Semantic evolution is normal and inevitable, and the result is often a panoply of senses diverging so broadly that their relationship becomes obscure. Thus panoply originally came from a Greek word meaning "full armor", and has taken on meanings that include (quoting the OED) "A spiritual or psychological protection or defence" (from Ephesians 6:11); "A complete suit of armour, with connotations of brightness and splendour"; "Any complete covering or protective layer"; "A group of pieces of armour arranged as a trophy or ornament"; "A splendid or impressive array; fine or magnificent display"; and "fig. A full or extensive array of resources; a wide range or array (of)".
Things are more complicated when one of a word's senses is a term of art in some well-established field whose scope overlaps in everyday life with the word's ordinary-language uses. This applies to many legal terms and to some physical, chemical, and biomedical ones.

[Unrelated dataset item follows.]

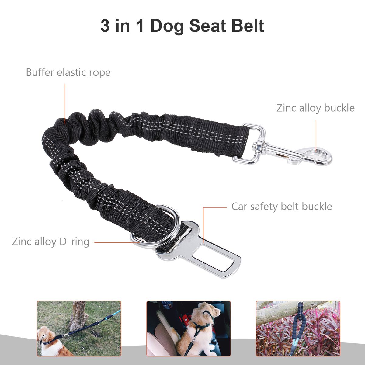 3 in1 Design: D-ring, zinc alloy buckle and car seat belt buckle, 3 in 1. The car seat belt buckle can be inserted into the car, and the other end is used to fasten the pet collar. The D-ring can also be connected to the dog\'s traction rope, and the other end is used to fasten the pet collar. The zinc alloy buckle can also buckle the D-ring to tie the dog.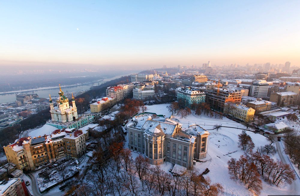 Якщо говорити про зиму, то в цю пору цікаво дивитися на Київ знов-таки з верхніх точок. Це верхня частина

But in the case of grammatical terms, something additional and unusual has happened: a large class of professionals, who act like maintainers of a body of technical knowledge, have actually lost the thread.
It's as if nurses, as a class, had never learned that fever is a technical term for abnormally high measurements of body temperature, and instead used it variously to mean "A state of intense nervous excitement" or "Contagious but transient social enthusiasm", while still acting as if these were well-defined medical conditions, subject to exact measurement and treatment.
Of course, this scenario is doubly impossible, because most people know the technical meaning of fever, or at least how to quantify body temperature with a thermometer, and nurses are required to have a sound medical education. But writing teachers and analysts of style are not required or even encouraged to learn any grammar (or any other body of knowledge, alas), though most of them still use terms like "passive voice" and "adverb" as if they had a well-defined technical meaning. And few members of the general public know enough to notice the problem.
Instead, most people fall into a state that Geoff Pullum has described as "nervous cluelessness", brought on "by confusing and confused instructions about writing that give them vague unease instead of a sense of mastery".